Firstly, there are some genuinely sensible units in there. Even as a metric-sexual, I have to admit, inches and feet are actually genuinely useful "ish" values, and I do occasionally use multiples of them myself. On the other hand, mathematics is a beutiful and elegant thing, and we just start there by making it awkward.

Because of course, inches are 1/12th of a foot. Not 1/16th. Sure, 12 is a really sexy number, gotta love all of those divisors, but that means we need a secondary multiplication table, we can't just stick with powers of 2. And why stop there? Let's have 14 pounds in a stone, but only 8 stone in a hundredweight. On the one hand, yay, power of 2, but on the other hand, that means a hundredweight is 112lb. Would it not have made more sense to have a stone as 12lb and a hundredweight as 96lb, one might ask? One might not, fuck off with your logic right there.

Going in the other direction, one starts by dividing inches up into fractional powers of 2. Which, great, that looks like a system, and a natural one two, because it's much easier to divide something accurately into 2 than it is into 10. So we have 1/2, 1/4, 1/64 and so on.

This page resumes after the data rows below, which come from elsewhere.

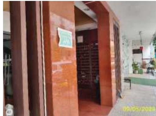
ภาพที่ 1.2-2 สภาพปัจจุบัน
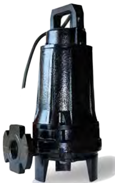
G 100 Hoogte: 400 mm Diam. 240mm
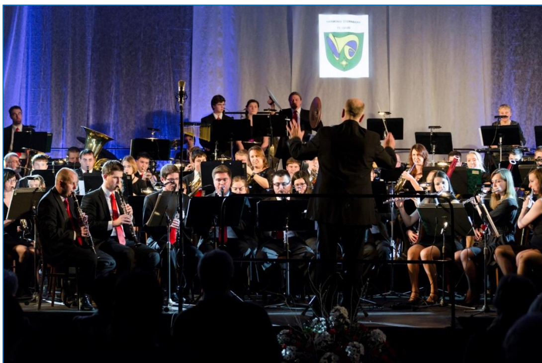
Jubilejní 15. galakonzert studentského orchestru Harmonie Šternberk

Zastupitelé odsouhlasili 10. prosince snížení poplatku za odpady z 600 na 550 korun. Gymnázium dokončilo rekonstrukci fasády a výměnu oken a dveří. 18. prosince byla ukončena rozsáhlá rekonstrukce ulic Masarykova, Krampolova a U Horní brány a tyto začaly opět sloužit šternberské veřejnosti. Na Jívavské a Olomoucké ulici byl zahájen zkušební provoz stacionárních radarů. Na jubilejním 15. galakonzertu studentského orchestru Harmonie Šternberk vystoupila zpěvačka Bára Basiková a pěvec Martin Zouhar. Ve městě účinkovali také v rámci adventních koncertů 4. prosince Hana a Petr Ulrychovi. Závěr roku 2014 oslavili obyvatelé města na Hlavním náměstí, k žádným mimořádným událostem v souvislosti s oslavami nedošlo.
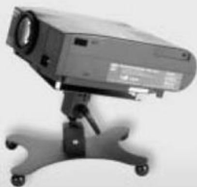
H = 25 cm Art.-Nr. 100240
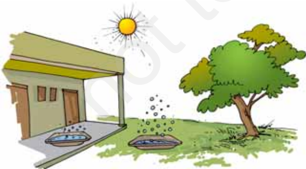
चित्र 14.5 सूर्य के प्रकाश (धूप) और छाया में जल का वाष्पन

दिन के समय सूर्य की किरणें महासागरों, नदियों, झीलों तथा तालाबों में भरे जल पर पड़ती है। खेत तथा अन्य भूमिक्षेत्र भी सूर्य की किरणों को ग्रहण करते हैं। इसके फलस्वरूप इन सभी का जल, निरंतर वाष्प में परिवर्तित होता रहता है। तथापि जल में घुले लवण शेष रह जाते हैं।
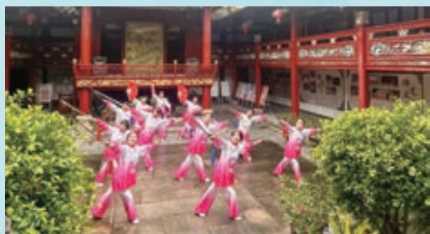
3月14日，鼓楼区安泰街道中心辅导站开展“古月派·武舞养生”推广活动。

But, of course, then the industrial revolution came around, and we both needed much finer measures, and the ability to calculate those finer measures with, at best, a slide-rule. So at some point, you have to start mixing, say, a rod sized in thousands of an inch with a thread sized in 1/64ths of an inch, and good luck with that (insert pained rage face here)

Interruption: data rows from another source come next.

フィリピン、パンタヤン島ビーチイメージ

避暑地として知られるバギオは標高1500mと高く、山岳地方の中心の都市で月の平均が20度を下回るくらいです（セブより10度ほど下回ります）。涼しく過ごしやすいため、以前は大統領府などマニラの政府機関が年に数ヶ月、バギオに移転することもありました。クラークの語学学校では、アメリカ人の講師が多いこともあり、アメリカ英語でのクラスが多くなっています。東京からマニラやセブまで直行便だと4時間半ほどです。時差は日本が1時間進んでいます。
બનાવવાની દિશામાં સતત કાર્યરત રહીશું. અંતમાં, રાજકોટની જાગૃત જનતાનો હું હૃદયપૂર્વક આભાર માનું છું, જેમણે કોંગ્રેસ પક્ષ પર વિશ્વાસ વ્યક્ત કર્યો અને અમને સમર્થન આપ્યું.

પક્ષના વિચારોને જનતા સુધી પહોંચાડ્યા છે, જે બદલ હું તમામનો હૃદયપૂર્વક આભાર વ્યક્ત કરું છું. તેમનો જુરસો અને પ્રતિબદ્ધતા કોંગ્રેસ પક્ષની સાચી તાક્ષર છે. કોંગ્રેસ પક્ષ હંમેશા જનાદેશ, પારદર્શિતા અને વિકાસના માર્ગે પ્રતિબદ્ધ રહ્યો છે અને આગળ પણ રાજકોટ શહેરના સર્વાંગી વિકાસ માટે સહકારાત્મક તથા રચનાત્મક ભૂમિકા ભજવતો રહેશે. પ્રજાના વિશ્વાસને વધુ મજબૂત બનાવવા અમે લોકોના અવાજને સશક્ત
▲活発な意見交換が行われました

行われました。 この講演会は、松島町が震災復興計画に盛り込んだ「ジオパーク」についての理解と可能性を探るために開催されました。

Meanwhile, inches and feet are great for small scale stuff, but they get to a bit of a pain when you need to know the size of a field, or the distance to market. So we have a progressively larger set of units, all of which are, with the benefit of hindsight, thoroughly silly.

A yard is 3 feet. Not 2, not 8, not 12, not 16. 3. Great, not even a multiple of 2, never mind a power. Ternary it is! (And while we're on the subject, a barleycorn was 1/3rd of an inch)

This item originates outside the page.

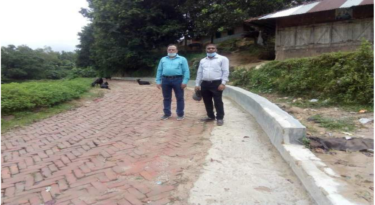
চিত্রঃ ০৪ সহকারী প্রকল্প পরিচালক ও সংশ্লিষ্ট উপজেলার PIO কর্তৃক খাগড়াছড়ি জেলার 'রামগড় উপজেলার ১ নং রামগড় ইউপির বুপাইছড়ি স্কুল হতে পৌরসীমানা দিকের রাস্তা পর্যন্ত এইচবিবি করণ' প্রকল্প পরিদর্শন ।

A fathom is 6 feet, and a cable-length is 100 fathoms, ish.

A chain is 22 yards long.

A furlong is 10 chains long (... so we're throwing some decimal in for good measure? Cool.)

And then we come to miles. Which have no fewer than 22 different definitions on WIkipedia, and while many of those are minor variations defined by different countries, England used no fewer than 4 definitions simultaneously (The old mile of about 2100m; the statue mile of 8 furlongs, except not those furlongs the nautical mile of 60 arcseconds at the equator, defined as such long before there was any kind of general agreement on the size of the Earth(2), and the roman mile, because of course)

I could go on, and one day I will be annoyed enough to do so, because metrology and its history is fascinating even if it is infuriating, but just going through some of the basic distances and weights, never mind volumes, we're up to multiples of, count them:
  • 2
  • 3
  • 6
  • 8
  • 10
  • 12
  • 14
  • 15.5 (did I mention perches?)
  • 22

Some of those are degenerate - if you can work with powers of 2, then 8 and 16 kinda come along for free, but still. In a world where we can bang out replicas of known dimensions to high precision and in industrial quantities (so, basically, post 1750 ish), the relationship to natural units such as the width of a finger, or the length of a foot, or the height of a man, became much less important. And the need for precision made the complexity of the system a bit of a liability compared to the elegance of the metric system (3)

---

(1) Yes, I know why it developed this way: much of this originated long before standardisation was needed for anything other than tax purposes, all you had as a reference were natural units such as relations to body parts, and the communications and travel technology of the day amounted to "shouting" and "walking" respectively, so as long as a local area of villages could roughly agree, it was Good Enough.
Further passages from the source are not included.